Within the records that follow, restate exactly the lines from the line with "This paper investigates" down to the line with "根据IBM商业价值研究院的分", including both. Omit the pictures.

◆ The data:
##############################

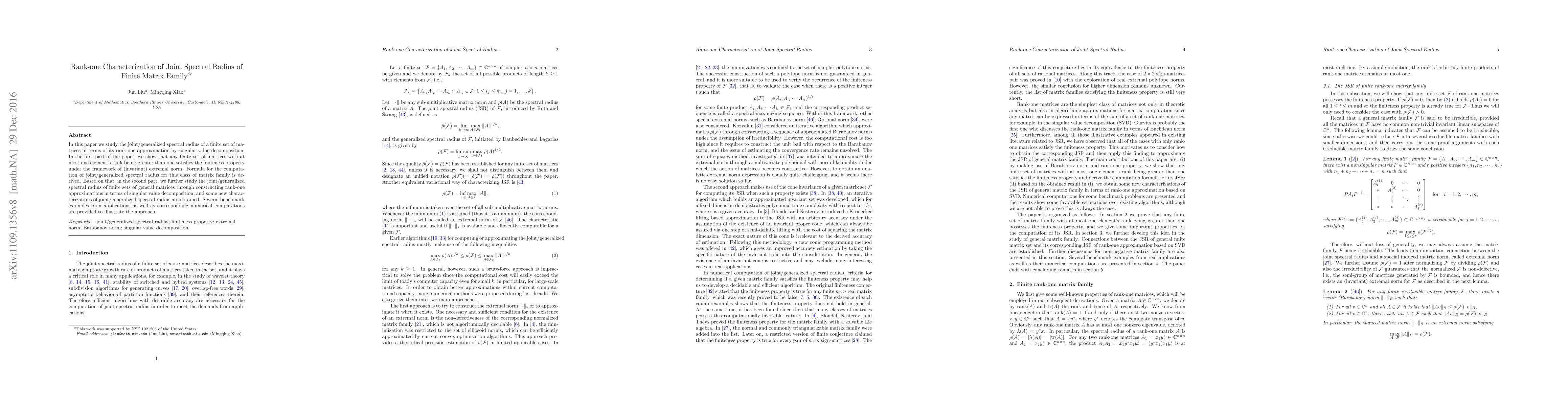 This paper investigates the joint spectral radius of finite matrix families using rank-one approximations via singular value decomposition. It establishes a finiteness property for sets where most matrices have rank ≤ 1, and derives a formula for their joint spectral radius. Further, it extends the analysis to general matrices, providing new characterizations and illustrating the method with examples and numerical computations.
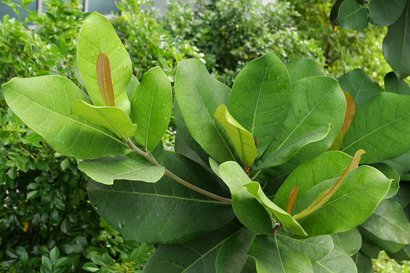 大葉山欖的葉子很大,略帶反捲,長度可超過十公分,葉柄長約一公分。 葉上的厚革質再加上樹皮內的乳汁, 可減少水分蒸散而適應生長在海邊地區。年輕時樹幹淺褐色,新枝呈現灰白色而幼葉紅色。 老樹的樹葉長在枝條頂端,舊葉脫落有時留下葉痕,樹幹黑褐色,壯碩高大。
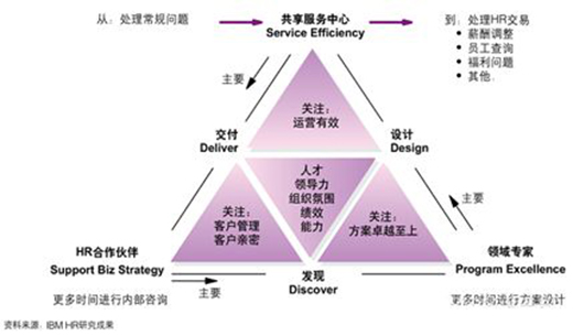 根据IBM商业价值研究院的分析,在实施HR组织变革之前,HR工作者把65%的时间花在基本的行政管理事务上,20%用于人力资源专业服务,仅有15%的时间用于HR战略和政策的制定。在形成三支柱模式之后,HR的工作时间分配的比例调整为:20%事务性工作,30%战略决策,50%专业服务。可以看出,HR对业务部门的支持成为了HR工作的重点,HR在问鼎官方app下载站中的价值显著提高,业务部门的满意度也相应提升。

##############################

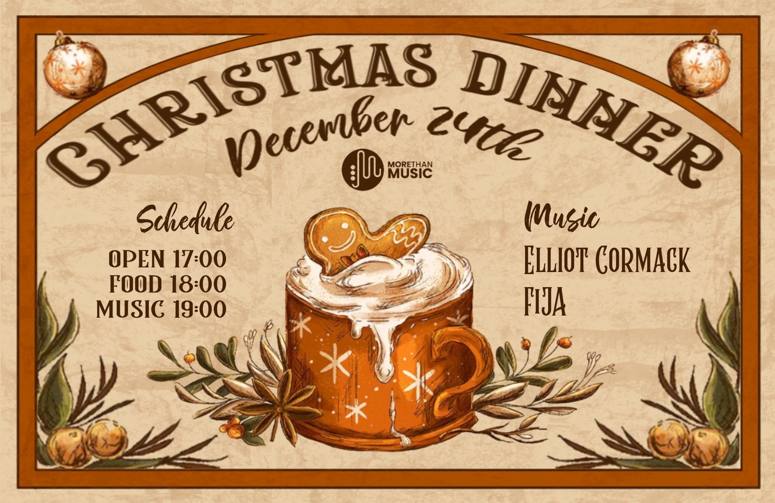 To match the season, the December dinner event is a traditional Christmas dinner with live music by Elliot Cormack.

##############################

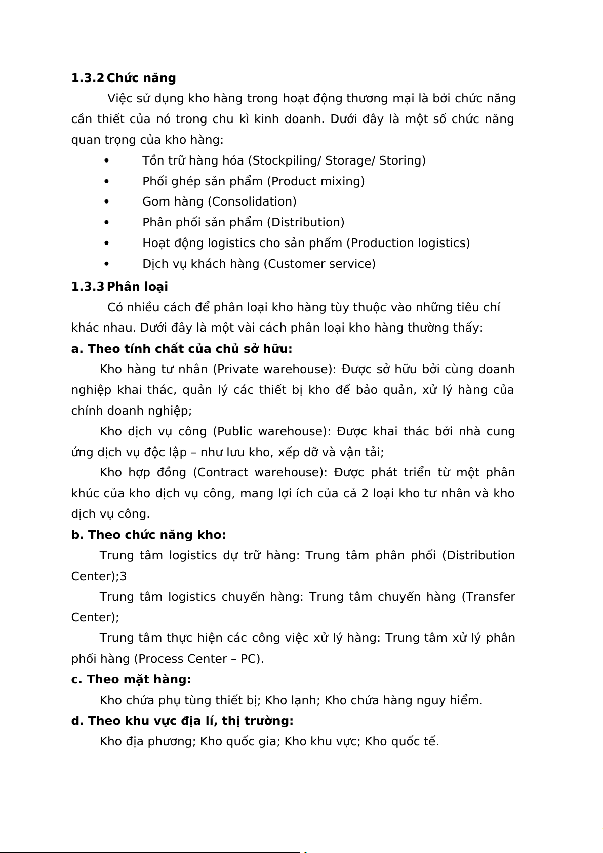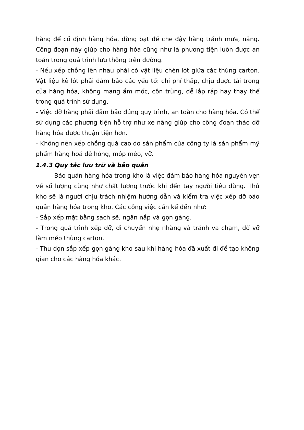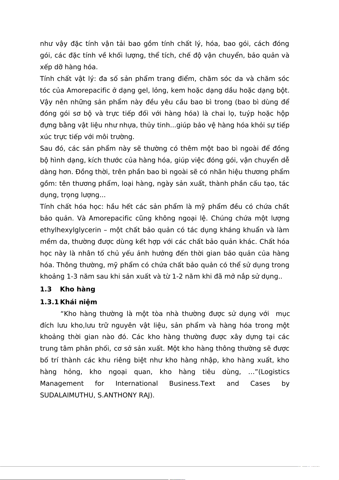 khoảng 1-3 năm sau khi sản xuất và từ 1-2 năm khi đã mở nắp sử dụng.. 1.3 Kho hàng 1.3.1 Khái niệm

##############################

◆ Exercise result:
 This paper investigates the joint spectral radius of finite matrix families using rank-one approximations via singular value decomposition. It establishes a finiteness property for sets where most matrices have rank ≤ 1, and derives a formula for their joint spectral radius. Further, it extends the analysis to general matrices, providing new characterizations and illustrating the method with examples and numerical computations.
 大葉山欖的葉子很大,略帶反捲,長度可超過十公分,葉柄長約一公分。 葉上的厚革質再加上樹皮內的乳汁, 可減少水分蒸散而適應生長在海邊地區。年輕時樹幹淺褐色,新枝呈現灰白色而幼葉紅色。 老樹的樹葉長在枝條頂端,舊葉脫落有時留下葉痕,樹幹黑褐色,壯碩高大。
 根据IBM商业价值研究院的分析,在实施HR组织变革之前,HR工作者把65%的时间花在基本的行政管理事务上,20%用于人力资源专业服务,仅有15%的时间用于HR战略和政策的制定。在形成三支柱模式之后,HR的工作时间分配的比例调整为:20%事务性工作,30%战略决策,50%专业服务。可以看出,HR对业务部门的支持成为了HR工作的重点,HR在问鼎官方app下载站中的价值显著提高,业务部门的满意度也相应提升。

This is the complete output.